### Input data ###
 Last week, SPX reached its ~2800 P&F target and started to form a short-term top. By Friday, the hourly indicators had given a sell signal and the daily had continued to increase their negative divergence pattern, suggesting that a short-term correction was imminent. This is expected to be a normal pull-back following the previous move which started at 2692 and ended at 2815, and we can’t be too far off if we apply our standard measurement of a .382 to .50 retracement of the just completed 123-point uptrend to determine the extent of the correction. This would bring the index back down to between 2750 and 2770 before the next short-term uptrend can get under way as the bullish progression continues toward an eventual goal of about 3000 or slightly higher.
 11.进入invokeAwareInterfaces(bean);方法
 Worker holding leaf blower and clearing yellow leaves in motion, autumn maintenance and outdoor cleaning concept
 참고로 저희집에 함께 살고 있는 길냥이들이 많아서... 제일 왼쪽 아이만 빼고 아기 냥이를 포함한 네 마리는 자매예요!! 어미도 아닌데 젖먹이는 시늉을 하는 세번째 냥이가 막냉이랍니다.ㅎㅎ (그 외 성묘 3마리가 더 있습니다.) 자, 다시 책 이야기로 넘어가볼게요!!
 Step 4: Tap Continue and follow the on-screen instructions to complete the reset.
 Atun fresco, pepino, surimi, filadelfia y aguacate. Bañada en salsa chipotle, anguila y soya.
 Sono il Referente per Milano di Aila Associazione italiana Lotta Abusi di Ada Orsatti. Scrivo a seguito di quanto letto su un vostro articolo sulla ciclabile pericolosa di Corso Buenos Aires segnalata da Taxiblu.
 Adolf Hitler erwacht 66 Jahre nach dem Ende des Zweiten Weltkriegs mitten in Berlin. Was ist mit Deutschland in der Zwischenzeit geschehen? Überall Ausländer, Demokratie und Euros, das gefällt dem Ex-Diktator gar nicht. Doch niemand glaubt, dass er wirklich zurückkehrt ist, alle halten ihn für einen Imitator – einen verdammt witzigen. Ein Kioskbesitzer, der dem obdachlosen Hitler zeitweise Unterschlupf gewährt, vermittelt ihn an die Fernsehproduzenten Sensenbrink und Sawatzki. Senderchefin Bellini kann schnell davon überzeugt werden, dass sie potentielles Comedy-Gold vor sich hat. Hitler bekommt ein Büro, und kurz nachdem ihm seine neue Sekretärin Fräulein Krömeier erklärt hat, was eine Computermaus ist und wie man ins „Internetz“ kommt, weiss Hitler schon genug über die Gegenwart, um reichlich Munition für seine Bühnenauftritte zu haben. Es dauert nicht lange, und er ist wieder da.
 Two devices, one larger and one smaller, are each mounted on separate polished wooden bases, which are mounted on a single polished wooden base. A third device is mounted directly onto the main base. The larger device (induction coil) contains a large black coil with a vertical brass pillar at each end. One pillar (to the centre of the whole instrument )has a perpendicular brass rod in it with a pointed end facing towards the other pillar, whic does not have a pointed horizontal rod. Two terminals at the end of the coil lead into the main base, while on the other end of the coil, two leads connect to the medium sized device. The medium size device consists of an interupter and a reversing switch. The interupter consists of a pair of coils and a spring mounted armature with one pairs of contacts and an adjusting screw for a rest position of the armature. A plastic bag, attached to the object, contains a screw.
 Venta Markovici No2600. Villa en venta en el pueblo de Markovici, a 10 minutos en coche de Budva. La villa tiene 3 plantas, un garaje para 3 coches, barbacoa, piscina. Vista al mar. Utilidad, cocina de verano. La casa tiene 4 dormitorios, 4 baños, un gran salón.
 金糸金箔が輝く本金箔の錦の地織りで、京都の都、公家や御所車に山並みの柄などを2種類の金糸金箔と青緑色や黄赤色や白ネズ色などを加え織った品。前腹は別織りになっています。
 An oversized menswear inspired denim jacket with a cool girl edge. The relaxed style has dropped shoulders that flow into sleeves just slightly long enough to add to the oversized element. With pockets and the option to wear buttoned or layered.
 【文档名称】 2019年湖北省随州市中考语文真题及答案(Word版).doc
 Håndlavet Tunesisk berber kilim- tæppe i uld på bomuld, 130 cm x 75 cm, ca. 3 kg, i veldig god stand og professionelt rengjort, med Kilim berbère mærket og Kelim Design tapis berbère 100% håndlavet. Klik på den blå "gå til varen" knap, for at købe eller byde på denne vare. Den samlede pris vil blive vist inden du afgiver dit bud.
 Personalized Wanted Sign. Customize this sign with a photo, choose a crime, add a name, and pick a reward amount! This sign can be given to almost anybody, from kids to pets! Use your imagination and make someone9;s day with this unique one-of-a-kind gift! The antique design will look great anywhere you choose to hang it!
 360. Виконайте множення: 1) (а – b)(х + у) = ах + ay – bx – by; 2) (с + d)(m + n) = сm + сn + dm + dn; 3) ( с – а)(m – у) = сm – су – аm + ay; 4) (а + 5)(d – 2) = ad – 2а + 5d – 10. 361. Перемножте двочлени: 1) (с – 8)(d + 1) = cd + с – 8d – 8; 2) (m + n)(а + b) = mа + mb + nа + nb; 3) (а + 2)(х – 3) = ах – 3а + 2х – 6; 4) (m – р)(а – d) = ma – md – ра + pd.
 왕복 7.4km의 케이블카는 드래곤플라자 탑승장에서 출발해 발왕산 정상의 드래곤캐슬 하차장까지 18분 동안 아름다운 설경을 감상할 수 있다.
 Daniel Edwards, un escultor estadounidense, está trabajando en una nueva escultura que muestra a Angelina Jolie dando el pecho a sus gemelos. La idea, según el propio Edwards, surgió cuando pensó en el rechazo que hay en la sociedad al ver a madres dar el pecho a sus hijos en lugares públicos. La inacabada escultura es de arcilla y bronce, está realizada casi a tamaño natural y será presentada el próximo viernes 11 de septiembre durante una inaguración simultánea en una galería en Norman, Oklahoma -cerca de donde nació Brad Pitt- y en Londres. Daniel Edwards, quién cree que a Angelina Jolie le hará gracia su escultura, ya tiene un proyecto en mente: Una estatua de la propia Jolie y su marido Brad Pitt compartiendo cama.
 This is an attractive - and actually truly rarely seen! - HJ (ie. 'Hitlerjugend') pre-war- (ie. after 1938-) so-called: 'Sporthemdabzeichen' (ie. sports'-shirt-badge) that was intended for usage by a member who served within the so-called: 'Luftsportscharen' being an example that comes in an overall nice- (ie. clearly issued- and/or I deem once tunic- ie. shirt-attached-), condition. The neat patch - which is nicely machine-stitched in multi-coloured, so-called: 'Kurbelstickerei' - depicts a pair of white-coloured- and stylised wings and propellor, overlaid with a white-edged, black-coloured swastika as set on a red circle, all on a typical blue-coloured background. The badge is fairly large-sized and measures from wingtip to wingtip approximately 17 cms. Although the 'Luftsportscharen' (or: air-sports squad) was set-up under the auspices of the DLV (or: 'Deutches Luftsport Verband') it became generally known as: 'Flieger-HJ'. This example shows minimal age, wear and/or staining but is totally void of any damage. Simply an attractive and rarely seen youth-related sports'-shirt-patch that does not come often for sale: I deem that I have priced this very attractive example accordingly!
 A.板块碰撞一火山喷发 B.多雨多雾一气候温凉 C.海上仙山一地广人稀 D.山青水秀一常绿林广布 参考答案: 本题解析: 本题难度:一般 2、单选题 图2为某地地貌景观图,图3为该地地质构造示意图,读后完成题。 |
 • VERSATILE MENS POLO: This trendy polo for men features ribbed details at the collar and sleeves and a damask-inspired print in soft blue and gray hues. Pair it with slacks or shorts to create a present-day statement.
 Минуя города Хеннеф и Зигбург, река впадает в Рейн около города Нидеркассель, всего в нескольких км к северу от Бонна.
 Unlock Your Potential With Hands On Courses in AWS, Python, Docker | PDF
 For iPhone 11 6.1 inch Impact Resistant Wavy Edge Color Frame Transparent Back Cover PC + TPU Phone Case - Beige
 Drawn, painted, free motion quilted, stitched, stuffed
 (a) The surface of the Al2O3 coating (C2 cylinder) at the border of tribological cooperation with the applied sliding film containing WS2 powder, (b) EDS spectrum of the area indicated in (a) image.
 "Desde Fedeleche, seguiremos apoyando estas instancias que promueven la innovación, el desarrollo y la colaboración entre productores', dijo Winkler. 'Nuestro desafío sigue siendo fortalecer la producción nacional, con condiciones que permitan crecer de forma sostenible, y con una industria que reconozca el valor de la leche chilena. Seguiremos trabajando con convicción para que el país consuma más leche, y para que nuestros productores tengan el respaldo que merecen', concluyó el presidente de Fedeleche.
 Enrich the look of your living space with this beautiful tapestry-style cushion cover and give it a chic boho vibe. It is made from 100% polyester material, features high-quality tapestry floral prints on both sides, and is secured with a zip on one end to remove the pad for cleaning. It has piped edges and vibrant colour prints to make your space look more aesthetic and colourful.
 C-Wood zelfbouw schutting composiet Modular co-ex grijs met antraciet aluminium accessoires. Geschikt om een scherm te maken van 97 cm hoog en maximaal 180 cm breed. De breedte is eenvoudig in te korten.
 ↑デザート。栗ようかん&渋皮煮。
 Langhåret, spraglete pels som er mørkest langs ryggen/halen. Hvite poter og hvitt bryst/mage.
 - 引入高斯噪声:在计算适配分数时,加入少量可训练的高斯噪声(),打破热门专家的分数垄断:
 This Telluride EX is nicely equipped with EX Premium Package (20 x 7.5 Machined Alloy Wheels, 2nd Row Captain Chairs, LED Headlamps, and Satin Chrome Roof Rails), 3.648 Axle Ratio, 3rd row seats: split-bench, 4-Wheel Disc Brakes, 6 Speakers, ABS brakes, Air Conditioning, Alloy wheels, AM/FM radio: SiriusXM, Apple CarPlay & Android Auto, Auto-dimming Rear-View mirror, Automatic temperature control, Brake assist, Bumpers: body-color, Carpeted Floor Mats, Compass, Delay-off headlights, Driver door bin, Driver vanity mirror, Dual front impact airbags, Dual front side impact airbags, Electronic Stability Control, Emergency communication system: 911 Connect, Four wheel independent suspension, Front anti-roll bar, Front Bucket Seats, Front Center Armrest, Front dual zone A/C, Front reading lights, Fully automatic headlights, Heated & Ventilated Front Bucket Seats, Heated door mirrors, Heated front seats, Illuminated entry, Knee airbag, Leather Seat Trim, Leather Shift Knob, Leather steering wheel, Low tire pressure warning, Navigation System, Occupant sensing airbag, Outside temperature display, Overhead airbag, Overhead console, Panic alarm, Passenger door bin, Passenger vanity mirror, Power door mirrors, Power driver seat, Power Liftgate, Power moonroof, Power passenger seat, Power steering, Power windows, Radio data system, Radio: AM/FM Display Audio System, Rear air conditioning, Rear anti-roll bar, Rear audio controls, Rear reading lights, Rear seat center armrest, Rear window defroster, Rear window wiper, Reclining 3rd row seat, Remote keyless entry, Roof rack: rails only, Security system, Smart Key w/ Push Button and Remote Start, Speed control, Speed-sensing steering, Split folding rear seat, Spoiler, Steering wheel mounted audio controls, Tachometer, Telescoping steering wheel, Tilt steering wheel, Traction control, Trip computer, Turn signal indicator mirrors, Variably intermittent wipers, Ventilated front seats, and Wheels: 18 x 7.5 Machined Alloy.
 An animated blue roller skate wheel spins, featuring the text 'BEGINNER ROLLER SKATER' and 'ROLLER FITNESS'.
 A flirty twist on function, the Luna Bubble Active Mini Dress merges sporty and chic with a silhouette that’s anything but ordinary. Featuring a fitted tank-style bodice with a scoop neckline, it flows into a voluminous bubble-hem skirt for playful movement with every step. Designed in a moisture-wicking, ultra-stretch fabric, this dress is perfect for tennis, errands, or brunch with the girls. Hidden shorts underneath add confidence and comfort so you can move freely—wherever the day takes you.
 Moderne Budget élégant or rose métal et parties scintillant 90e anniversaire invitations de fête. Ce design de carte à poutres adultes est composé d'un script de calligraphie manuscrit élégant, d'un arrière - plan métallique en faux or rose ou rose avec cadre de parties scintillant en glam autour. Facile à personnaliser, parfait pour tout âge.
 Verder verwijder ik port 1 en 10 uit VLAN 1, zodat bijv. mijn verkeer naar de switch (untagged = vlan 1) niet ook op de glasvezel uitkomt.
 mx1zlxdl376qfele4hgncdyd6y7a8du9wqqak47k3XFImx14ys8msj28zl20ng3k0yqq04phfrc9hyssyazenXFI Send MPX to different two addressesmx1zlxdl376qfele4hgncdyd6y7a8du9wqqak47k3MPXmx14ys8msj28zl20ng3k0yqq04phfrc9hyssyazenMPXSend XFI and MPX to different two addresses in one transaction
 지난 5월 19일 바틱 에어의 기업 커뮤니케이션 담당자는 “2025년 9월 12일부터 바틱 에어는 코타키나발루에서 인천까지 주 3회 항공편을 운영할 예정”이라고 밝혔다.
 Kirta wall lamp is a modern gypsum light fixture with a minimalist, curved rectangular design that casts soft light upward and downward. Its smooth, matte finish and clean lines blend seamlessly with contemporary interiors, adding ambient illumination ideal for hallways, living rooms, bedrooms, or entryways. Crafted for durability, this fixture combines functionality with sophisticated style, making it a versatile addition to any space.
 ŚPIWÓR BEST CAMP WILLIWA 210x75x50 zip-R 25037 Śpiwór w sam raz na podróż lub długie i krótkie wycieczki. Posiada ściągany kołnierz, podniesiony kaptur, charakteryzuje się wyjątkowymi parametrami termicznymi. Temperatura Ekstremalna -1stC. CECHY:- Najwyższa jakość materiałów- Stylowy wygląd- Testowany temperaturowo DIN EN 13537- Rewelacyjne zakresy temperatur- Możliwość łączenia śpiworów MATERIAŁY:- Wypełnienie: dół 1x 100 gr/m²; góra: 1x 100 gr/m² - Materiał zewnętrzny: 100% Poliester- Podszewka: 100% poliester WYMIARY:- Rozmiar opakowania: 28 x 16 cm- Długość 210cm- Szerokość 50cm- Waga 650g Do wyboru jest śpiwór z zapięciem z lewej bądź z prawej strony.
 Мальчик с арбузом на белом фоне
###
• Exercise brief:
Go through the records and gather the lines that hold "soft".

• Result of this task:
 • VERSATILE MENS POLO: This trendy polo for men features ribbed details at the collar and sleeves and a damask-inspired print in soft blue and gray hues. Pair it with slacks or shorts to create a present-day statement.
 Kirta wall lamp is a modern gypsum light fixture with a minimalist, curved rectangular design that casts soft light upward and downward. Its smooth, matte finish and clean lines blend seamlessly with contemporary interiors, adding ambient illumination ideal for hallways, living rooms, bedrooms, or entryways. Crafted for durability, this fixture combines functionality with sophisticated style, making it a versatile addition to any space.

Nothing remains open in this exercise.